Rising EV and AI data centre demand pushes power electronics towards $65 billion by 2036, with SiC and GaN adoption accelerating across high-efficiency applications globally.
The global power electronics market is projected to exceed US$65 billion by 2036, growing at a 10% compound annual growth rate (CAGR) over the next decade, according to IDTechEx. The growth is expected to be led by electric vehicles (EVs), with data centres also accounting for a significant share of revenue.
The report noted that rising demand for higher efficiency, compact design and reliability is accelerating the adoption of wide bandgap semiconductors across power electronics, as EVs, data centres, and renewable energy systems drive market expansion.
Original equipment manufacturers (OEMs) are increasingly deploying wide bandgap materials such as silicon carbide (SiC) and gallium nitride (GaN) to meet performance requirements.
These technologies enable higher-voltage operation, faster switching, and improved power density, supporting applications ranging from EV powertrains to AI-driven data infrastructure.
In the EV segment, silicon-based insulated-gate bipolar transistors (IGBTs) have dominated traction inverters for over 20 years. However, SiC MOSFETs are gaining share and are expected to form the majority of the EV traction inverter market by 2036, as well as lead in onboard chargers and DC-DC converters.
Their ability to operate at higher temperatures and frequencies enables improved efficiency and reduced system weight and size, contributing to extended vehicle range.
GaN devices are also being explored for automotive use, though wider adoption will depend on demonstrating long-term reliability and compatibility with high-voltage systems, particularly 800V architectures.
In data centres, the rapid expansion of artificial intelligence workloads since 2023 has significantly increased power requirements. Wide bandgap semiconductors are expected to see growing use in power supply units and point-of-load conversion, enabling higher efficiency in smaller form factors.
The sector is also moving towards 800V direct current (DC) architectures, which are expected to simplify system design, reduce the number of conversion stages, and support rack capacities of up to 1MW by the end of the decade.
Adoption trends differ in renewable energy.
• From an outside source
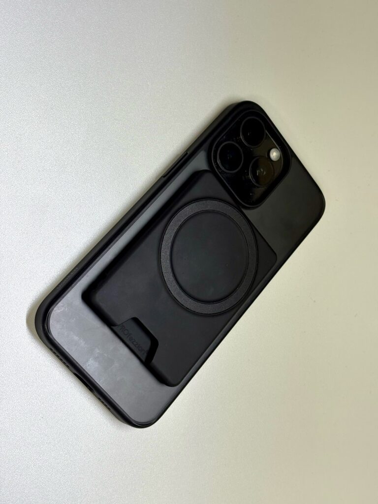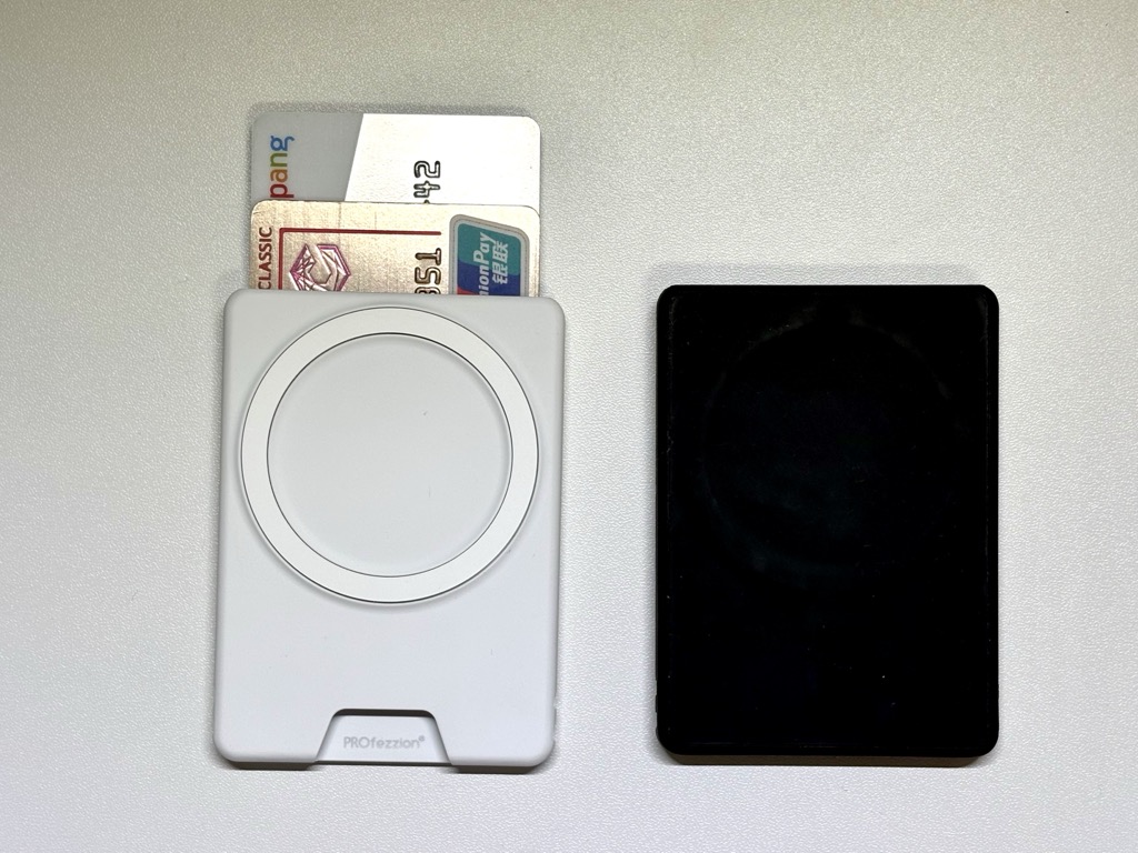 PROfezzion 맥세이프 카드지갑은 자성이 어머어마하게 강력합니다. 쎄서 좋은데 너무 쎄서 불편할 때도 있습니다. (자성은 맥세이프 지갑뿐아니라 케이스의 자성에 따라 다릅니다. 저는 Ugreen의 투명 맥세이프 케이스를 사용하고 있습니다.)

In wind power applications, where operating conditions include temperature extremes, humidity and salt exposure, silicon-based devices remain prevalent due to their proven reliability.
However, SiC is expected to see gradual uptake over the next ten years as confidence in its long-term performance improves.
The report highlights that varying operational demands and cost considerations across industries are shaping distinct innovation pathways, although cross-sector developments continue to influence the broader power electronics landscape.